Эту Сиверскую Ника придумала только для того, чтобы муж не увязался за ней. Еще не хватало, чтобы он и на художника смотрел таким же мрачным взглядом. Она даже планировала после сеанса рисования и в самом деле съездить к тетке. Никогда прежде с нее портреты не писали, но она рассчитала, что дольше двух часов сеанс не продлится.
Одежда была на ней та, в какой она выходила обычно на люди — мини-юбка, колготки, блузка, волосы в две косы с большими бантами. Так сказать, пай-девочка, однако себе на уме. Старый иллюзионист дядя Витя этот ее стиль называл мечтой педофила. Особенно зверели от него некоторые тетки: они не могли совместить в сознании дорогой макияж с детской внешностью.

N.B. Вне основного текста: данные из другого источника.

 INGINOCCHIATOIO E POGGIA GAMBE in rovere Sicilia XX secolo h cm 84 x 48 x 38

В доме художника это еще раз подтвердилось. Бабка, с которой Ника поднималась на лифте, долго и пристально рассматривала ее, хотя Ника сразу с ней поздоровалась в манере «пайдевочки». Не сдержавшись, уже выходя из лифта, бабка спросила:
— К кому же ты едешь, доченька? У нас вроде бы твоих одноклассниц нет.

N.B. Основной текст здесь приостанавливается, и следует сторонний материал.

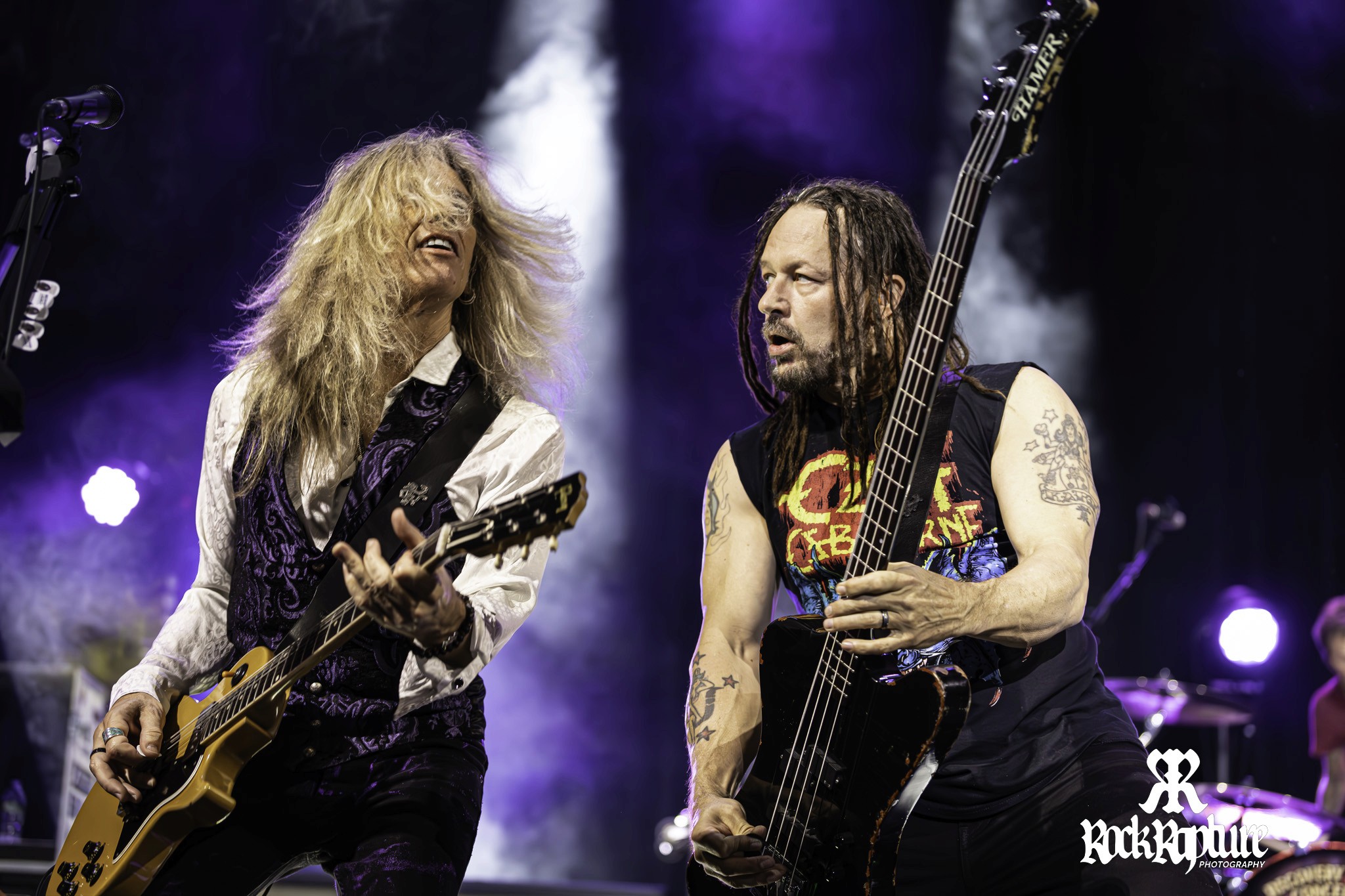 Brad’s ability to mimic almost any vocalist while maintaining his unique tone was on full display, and his bass playing was precise and powerful. His partnership with Shannon was flawless, with the two of them locked in and sharing a deep musical connection, even after three decades of not playing together. Shannon’s energy behind the drum kit was contagious, and he seemed to be feeding off the crowd’s excitement, his sticks becoming an extension of himself as he drove the band forward.

И Ника в той же манере школьницы-скромницы, внутренне хохоча, ответила:
— К знакомому дяденьке.
Тетка от злости так грохнула дверью лифта, что вся лестница задрожала.
Небо заволокли темные жирные тучи, гром грохотал со всех сторон, зонтик Ника не взяла и поэтому в Сиверскую решила не ехать. Сеанс у художника длился не больше часа. Они только кофе успели выпить, потом Антон долго выбирал ей место относительно окон — то передвигал ее вместе со стулом вправо, то слегка разворачивал. И только стал делать набросок, как заявилась шумная компания приятелей.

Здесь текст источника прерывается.